Robin has a point about there being a lack of control of some of the predators and, certainly, if we had a bigger goshawk population, if we had a few more eagle owls and other really big predatory birds and mammals, some of our smaller raptors may be suppressed a bit by these other predators.  I would never have thought that Robin would join with those biologists, seemingly, supporting reintroduction of more top predators.   

It’s also disappointing that Robin dismisses out of hand the good work being done by many conservationists and (some) grouse moor managers who are working together to bring hen harriers back to England.  He quotes a population of 600 pairs, neglecting to say they’re pretty much – all bar less than a handful – in Scotland. 
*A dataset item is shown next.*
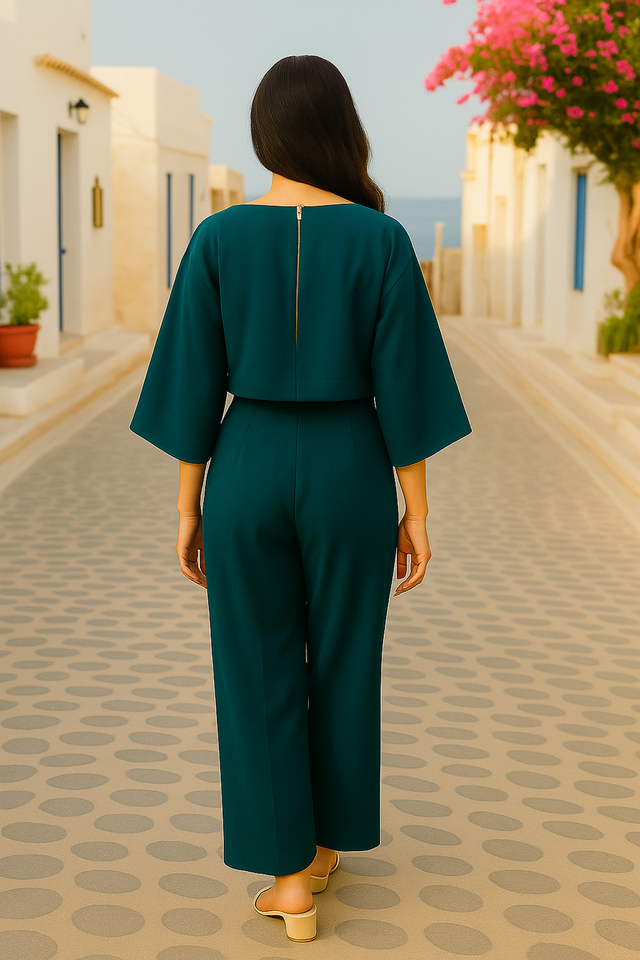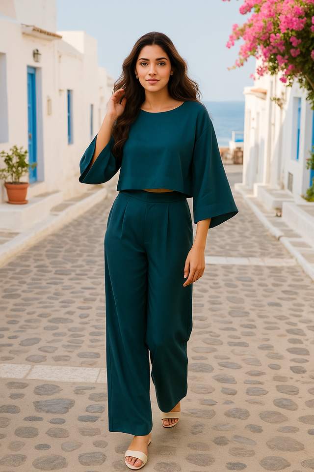 Ensemble deux pièces en polyester bleu sarcelle de haute qualité, haut court et pantalon large, tenue décontractée semi-formelle, tailles M L XL XXL, vente en gros

I am quite clear that an increase in hen harriers in England is achievable, it will happen and the responsible end of moorland managers will play a big role in this resurgence, as landowners have with other species. The bad guys – who persecute hen harriers – will be overtaken by the good guys - who don’t persecute and who will work with them on their moors. 

I think on birds of prey populations we’ve heard more than enough from people who know very little about either moorland management (on the one side) or raptor population dynamics (on the other side).  I think it’s time that the Government should take a lead with conservation agencies, moorland organisations etc. and should convene a proper inquiry into the relationship between grouse moors and wildlife. 

The inquiry should be independent of Government and should be led by scientifically-qualified people able to speak authoritatively and independently on bird population dynamics.  It should have within it people respected for their knowledge of grouse moors, moorland ecology and the rural economy.  Let’s cut out the meaningless self-serving rhetoric on all sides and move to a position where science, evidence, practical solutions and consensus win the day.

Returning to my bias against Robin Page.  I’m sorry Robin if I can’t see the good in what you write, but this is down to my weakness and a tendency to be a little bit partial. Not something you would understand, being a fair-minded and objective sort.